Regions harboring copy number variants (CNV) might also be under selection and contributing to an observed selection signal, therefore CNV regions that coincide to smoothed FST peaks were further explored. Gene content of cattle CNV regions was assessed using Ensembl ( It is worthwhile to point out that FST and CNV results did not use the exact same samples. CNV results are based on Bickhart et al. [21] that use a Holstein, a Nelore, a Hereford and 3 Angus samples, also included in the FST analyses. Intersections between balancing selection region coordinates and exon positions were compared using MySQL queries. We obtained a catalog of all bovine peptides from Ensembl. This yielded 22,118 peptides, 345 of which overlap with 24 predicted balancing selection regions, and corresponded to 318 unique Ensembl genes. Using PANTHER version 7 [22], we tested for over representation of biological process, molecular function and pathway terms under the balancing selection regions. Results were Bonferroni [23] adjusted and PANTHER terms with less than five observations were not further analyzed. Similar analyses were performed on the peptides under the 48 positive selection regions. PANTHER results were similar when all peptides under the 24 balancing selection regions and 48 positive selection regions were combined in a single analysis.


SNP genotypes

After quality control, a total of 768,506 SNP were considered. In taurine, most of the autosomes had >90% of markers polymorphic and in zebu slightly less markers were polymorphic (between 80-90%). This distribution was similar across all autosomes; however, the taurine group had a reduced proportion of polymorphic markers when compared to the zebu on BTAX (Figure 1A). Most autosomes had >80% of SNP polymorphic in both groups, with ~10% polymorphic only in taurine and only a reduced number of SNP exclusively polymorphic in zebu. The zebu exclusive SNP group was different again for the BTAX where ~50% of the SNP were polymorphic in both groups and close to 40% polymorphic only in zebu (Figure 1B). Within cattle types, the average heterozygosity was 0.21 and 0.29 for zebu and taurine.

Figure 1
figure 1

Polymorphic status of the BovineHD (Illumina) markers in zebu and taurine cattle.
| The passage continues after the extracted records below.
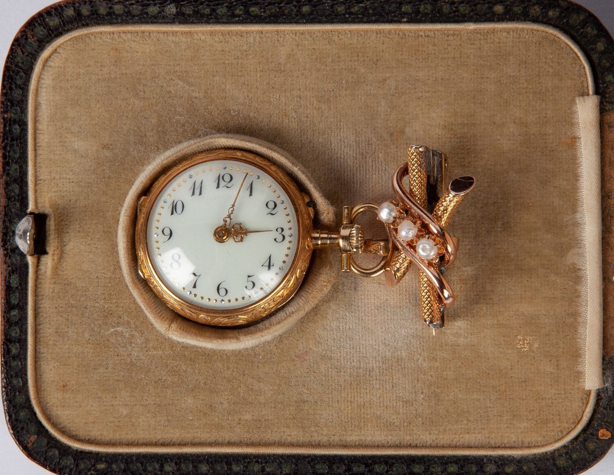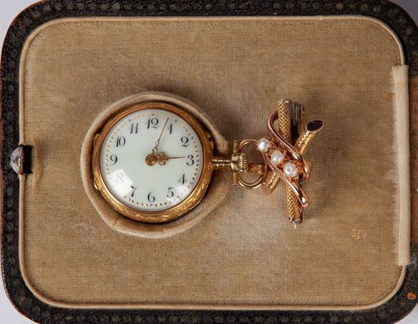 Orologio a monachina in oro, diamanti e smalto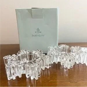 New in Box! Retired PartyLite Snowflake Crystal Tealight Pair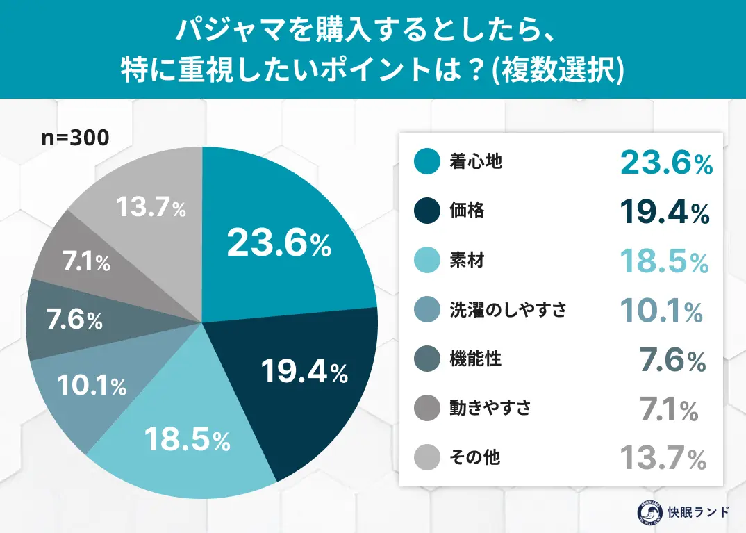 パジャマの購入時に重視されるポイントは「着心地」「素材」などの快適性が上位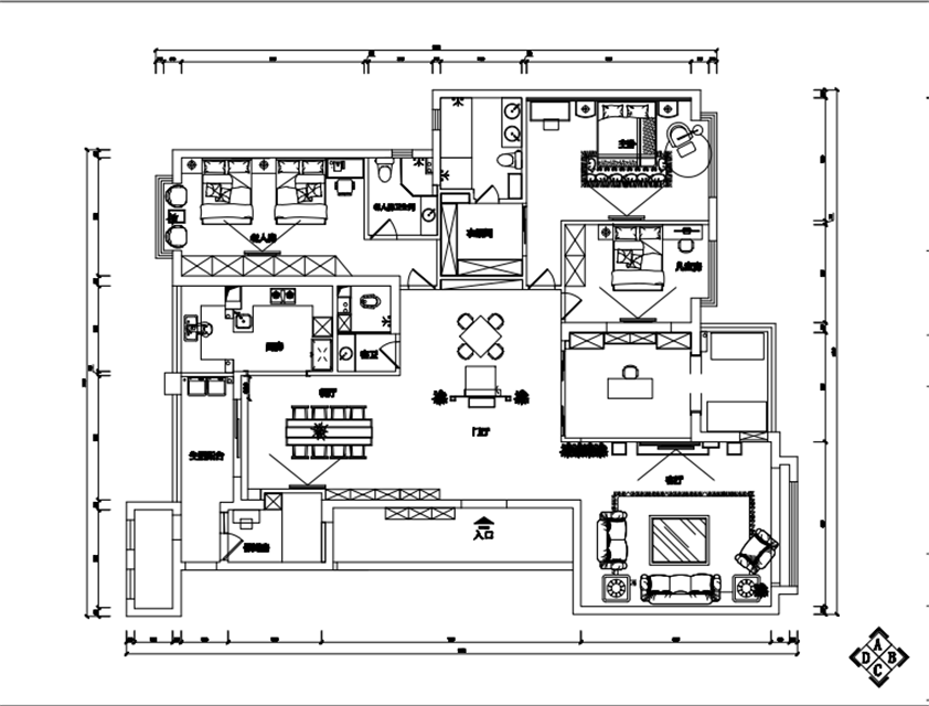 广电兰亭珑府的这套175㎡的四居室房屋其实户型相对比较合理,并没有出现各种难以利用设计的角落,因此空间的设计重点将在如何满足多子家庭的起居使用需求与如何呈现新中式风的大气美。设计师通过利用一些带有中式风情的元素进行空间装饰点缀,强调中式所特有的韵味美,同时利用多个嵌入式设计来提升空间的利用率,避免房屋看起来过于的压抑、局促。
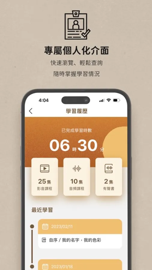 透過學習履歷系統,真實呈現學習軌跡,課程章節、閱聽進度不錯過,建構高效學習力!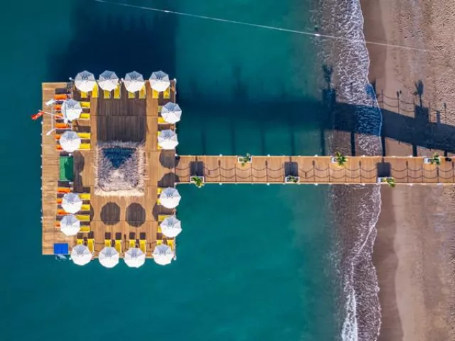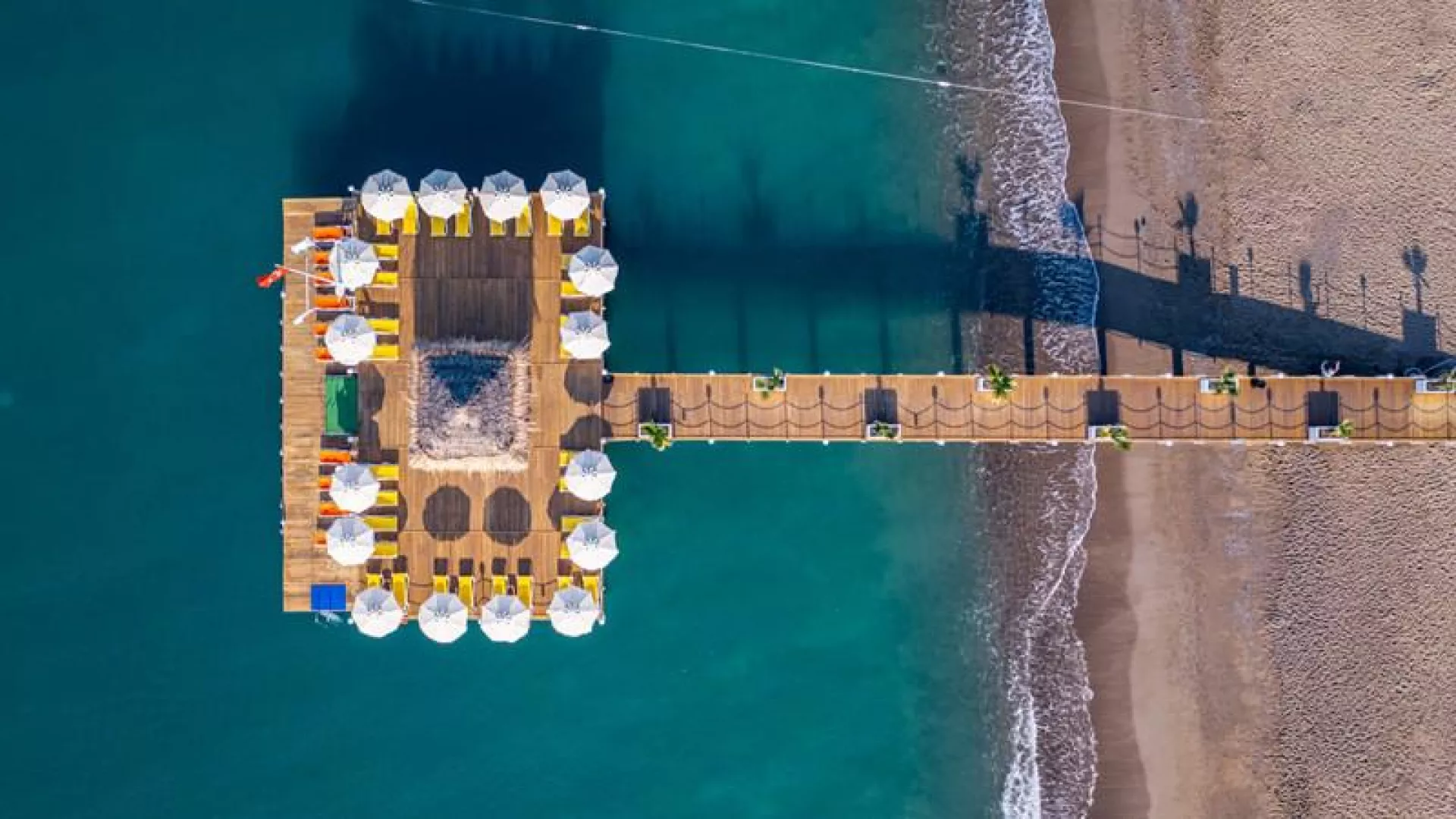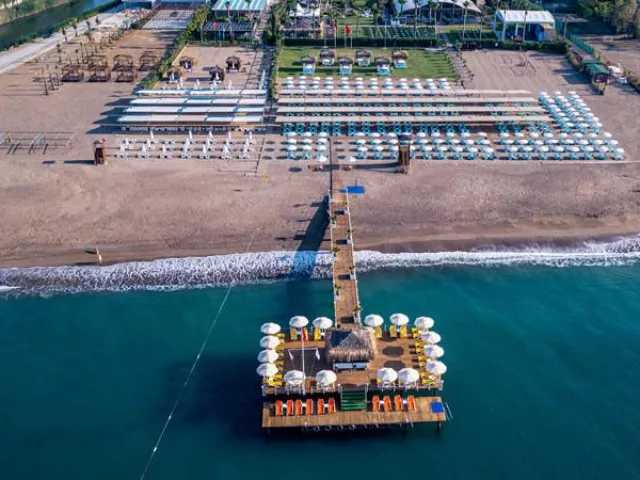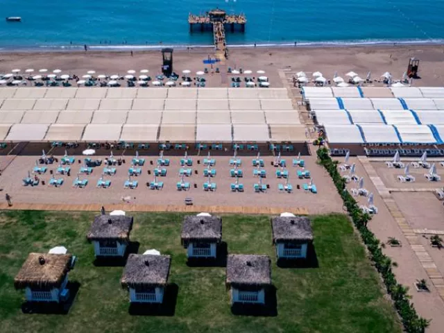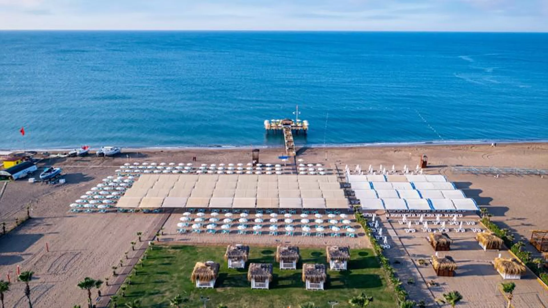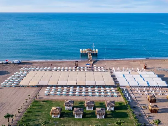 Vlastná piesočnatá pláž je vzdialená 330 m od hotela a je vybavená pavilónmi za poplatok. Hotel zabezpečuje bezplatnú kyvadlovú dopravu na pláž každých 15 minút. K dispozícii sú ležadlá, slnečníky a plážové osušky bez poplatku.

A) Proportion of polymorphic markers, and B) Proportion of markers by polymorphic status across both cattle types.

Population substructure

The separation between taurine and zebu is the most substantial type-distinction between domestic cattle. Clustering animals based on the genetic relationship matrix clearly demonstrates this division between cattle populations (Figure 2), which is also seen using an unsupervised clustering with selected number of clusters K = 2 (Additional file 1: Figure S1A). This latter analysis evidences the majority of individuals are pure bred within each cattle type assigning an estimated proportion of more than 0.9 for either the zebu or taurine clusters.

Figure 2
figure 2

Heatmap of relationship between individuals of 10 taurine and 3 zebu cattle breed (n = 505) based on the genetic relationship matrix calculated using 768,506 SNP genotypes.

The first principal component, which is the axis that explains the most variance, not surprisingly corresponds to the same main division. The second principal component starts to subdivide the taurine animals (Additional file 1: Figure S1B and C). This subdivision of taurine animals was also seen in four independent runs of principal components analyses that used the same number of individuals per breed and different random combinations of taurine breeds in addition to the three zebu breeds (Additional file 2: Figure S2). This agrees with the lower pair-wise FST observed between zebu breeds in comparison to taurine breeds (Additional file 3: Table S1).

Genomic regions under selection

Regions under positive and balancing selection were defined as the regions in the top and bottom 1% of all smoothed FST values, respectively (Figure 3, Tables 1 and 2).

Figure 3
figure 3

Smoothed FST comparing taurine and zebu animals. Only autosomes are plotted in alternated shades of gray. The top and bottom 1% values are highlighted in blue and green, corresponding to the regions under positive and balancing selections.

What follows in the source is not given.